TEMPO.CO, Jakarta - Menteri Luar Negeri Retno Marsudi menegaskan komitmen pemerintah untuk menjadikan perekonomian nasional lebih kuat. Salah satunya terkait upaya peningkatan investasi di luar negeri (outbond investment) yang disebut Presiden Joko Widodo atau Jokowi sebagai pemicu pertumbuhan.
“Sehingga dalam (pembahasan) perjanjian investasi bilateral, kita harus melindungi investasi-investasi kita di luar negeri. Ini bukan hanya investasi ekonomi tetapi bisa dikonversi menjadi investasi politik juga,” kata Retno dalam Rapat Kerja Nasional Kamar Dagang dan Industri Indonesia atau Kadin Bidang Hubungan Internasional di Jakarta, Selasa, 19 November 2019.
Dalam kesempatan itu, Retno juga mengajak pelaku usaha bersama dengan pemerintah membangun ketahanan ekonomi Indonesia, guna menghadapi situasi perekonomian dan geopolitik dunia yang penuh ketidakpastian. “Pada saat ekonomi Indonesia kuat maka kita akan dapat bertahan,” ucapnya.
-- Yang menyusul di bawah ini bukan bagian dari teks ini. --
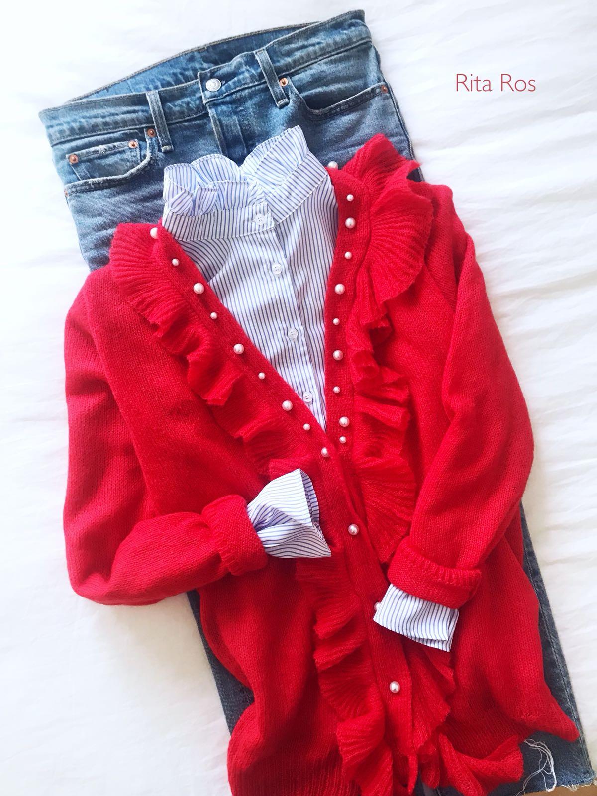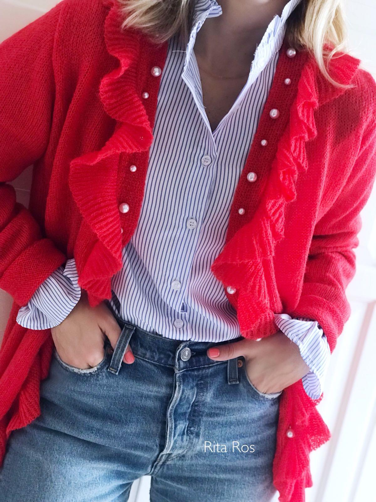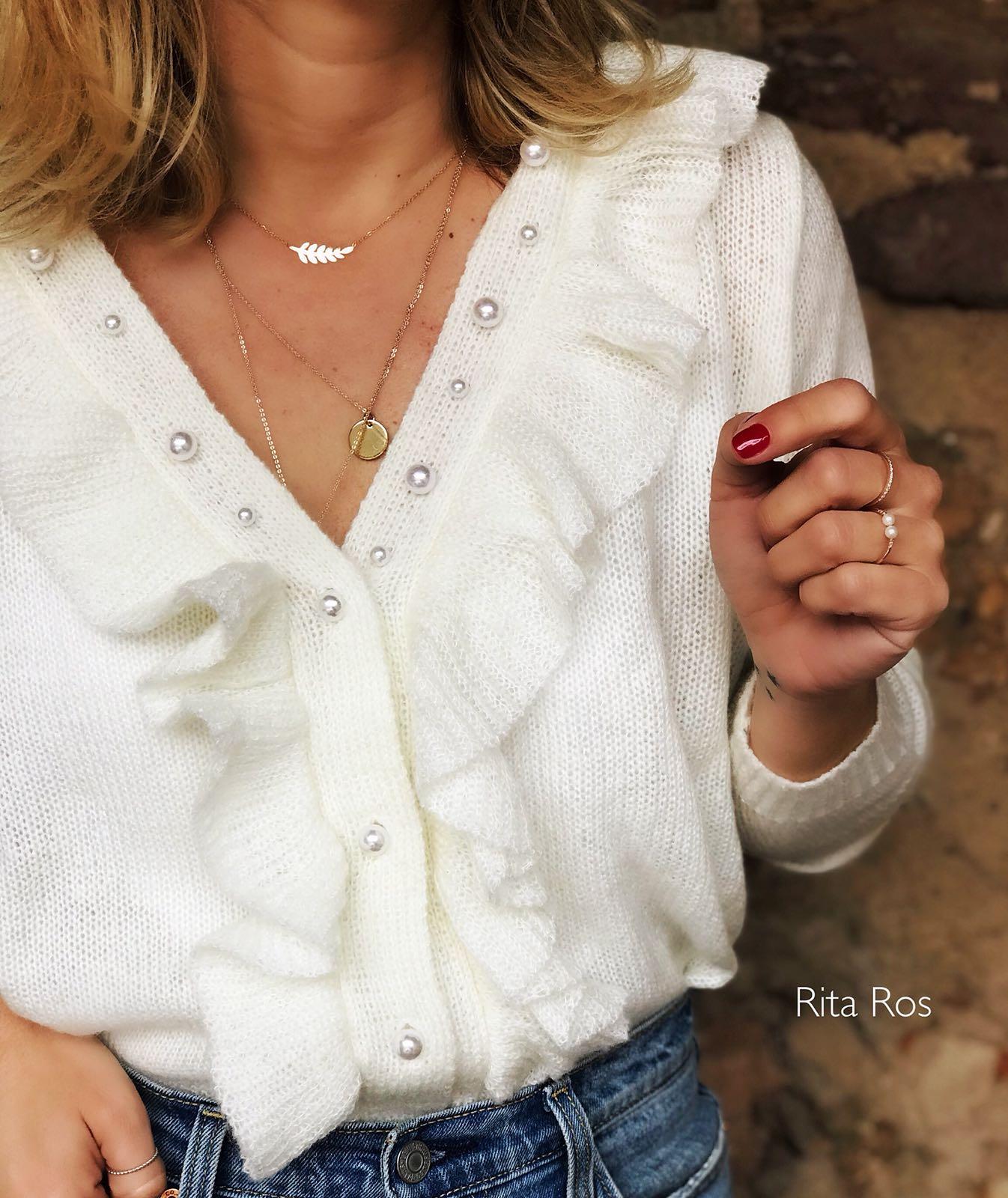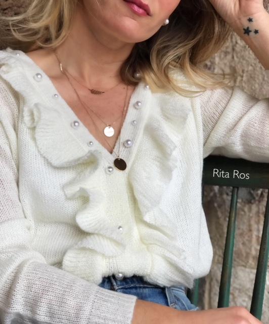 Chaqueta de punto con detalle de botones de perlas y volantes en solapas. Una clásica diferente con mucho encanto.
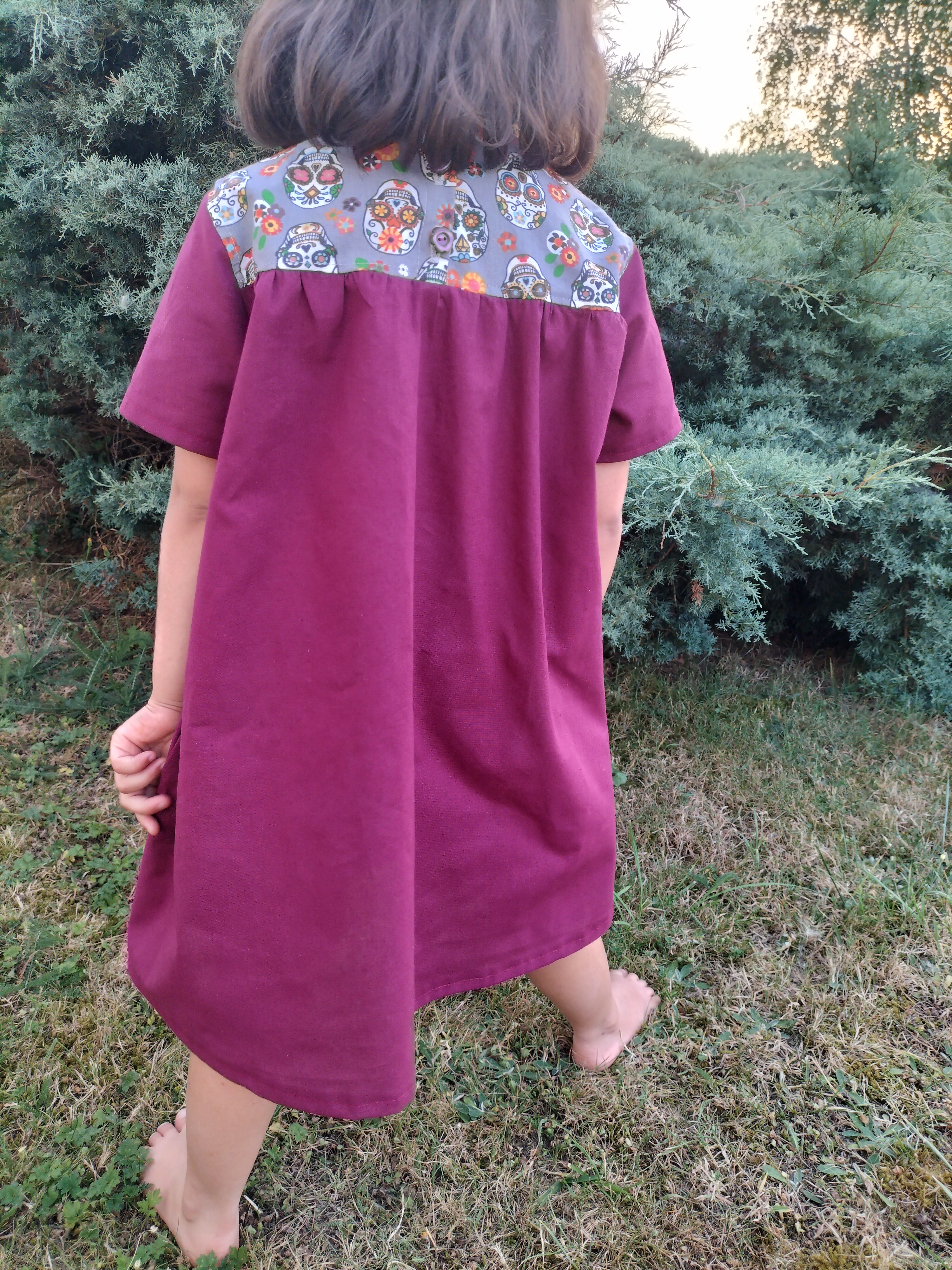 2. J’adore toutes ces jolies robes !! Bravo Lucile tes poulettes doivent être ravies ! Perso, je suis fan de l’aubergine /tête de mort ! J’adore le tissu, les couleurs et je la verrai bien en taille adulte 😅 ! Des bisettes 💕

Retno menjelaskan, dari sisi diplomasi, upaya meningkatkan ketahanan ekonomi dilakukan dengan memanfaatkan besarnya pasar dan jumlah penduduk Indonesia sebagai aset dan nilai tawar dalam negosiasi untuk menghasilkan kesepakatan yang saling menguntungkan bagi setiap pihak. “Karena kalau tidak begitu, kita hanya akan menjadi pasar saja. Kita harus bisa mendapat sesuatu dari pertandingan ini,” ujarnya.
Direktur Pelaksana Dana Moneter Internasional (IMF) Kristalina Georgieva sebelumnya menilai ekonomi Indonesia masih cukup bagus dan inklusif, dengan dukungan kebijakan ekonomi yang sehat.
Dalam pertemuan dengan Presiden Jokowi di sela-sela Konferensi Tingkat Tinggi (KTT) ke-35 Perhimpunan Bangsa-Bangsa Asia Tenggara (ASEAN) di Thailand, awal November lalu, ekonom asal Bulgaria itu juga menyebut ASEAN berada pada 'titik terang' dalam ekonomi global, yang tahun ini pertumbuhannya mencapai titik terendah sejak terjadinya krisis.
Sedangkan pertumbuhan ekonomi Indonesia masih relatif stabil pada triwulan III-2019 sebesar 5,02 persen, merujuk pada data Badan Pusat Statistik (BPS). Angka pertumbuhan tersebut masih lebih baik dibandingkan negara-negara lain, misalnya Singapura, yang mengalami pertumbuhan negatif.
Merujuk data IMF, perekonomian dunia saat ini mengalami tekanan cukup berat. Hal ini terlihat dari revisi proyeksi pertumbuhan ekonomi dunia 2019 yang turun sekitar 0,7 persen dari proyeksi 3,7 persen menjadi hanya 3 persen.